McCarty was waiting for him at the machine. "Now the first lesson is going to be a dirty one," he said. "We will have to crawl under the car, so you can see how each part works."
Shedding their coats, the two wriggled under on the wet ground and, lying on their backs, McCarty pointed out the various cog-wheels that worked the car and the swinging table.
"Gosh!" exclaimed McCarty suddenly. "Look at that!"
Startled, Walter looked to where the other was pointing. In one of the deep, sharp niches, into which the long teeth of the ratching descended when the platform was in motion, was wedged a round, yellow stick, of some eight inches in length.
McCarty pulled out the strange object and looked at it musingly. He broke off a bit of it, and, crumbling it up in his hand, examined it closely. "That stuff must have been put in there just before I went on duty night before last," he said. "Gosh! It's lucky the nigger struck on me before I started up the machine."
"Why?" Walter asked. "What is that stuff, anyway?"
McCarty threw him the stick. "Catch it," he said; "that's dynamite of the strongest grade."

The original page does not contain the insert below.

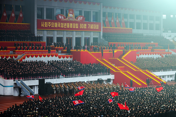 사회주의애국청년동맹창립 80돐 기념대회가 1월 16일 수도 평양의 김일성경기장에서 성대히 진행되였다.
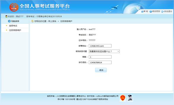 通过点击系统导航菜单中“注册信息维护”选项,可跳转到修改注册信息页面,

Walter held the stick gingerly, as though he was afraid it might go off at any minute.
"Don't be afraid of it," laughed McCarty. "It doesn't go off so very easy. It needs a sudden, hard jar, or a cap and fuse, to explode it. If I had swung that thirty-ton platform around on top of that stuff the machine would likely have been pretty badly smashed up, and maybe some of us killed."
"Who could have put it there?" Walter asked.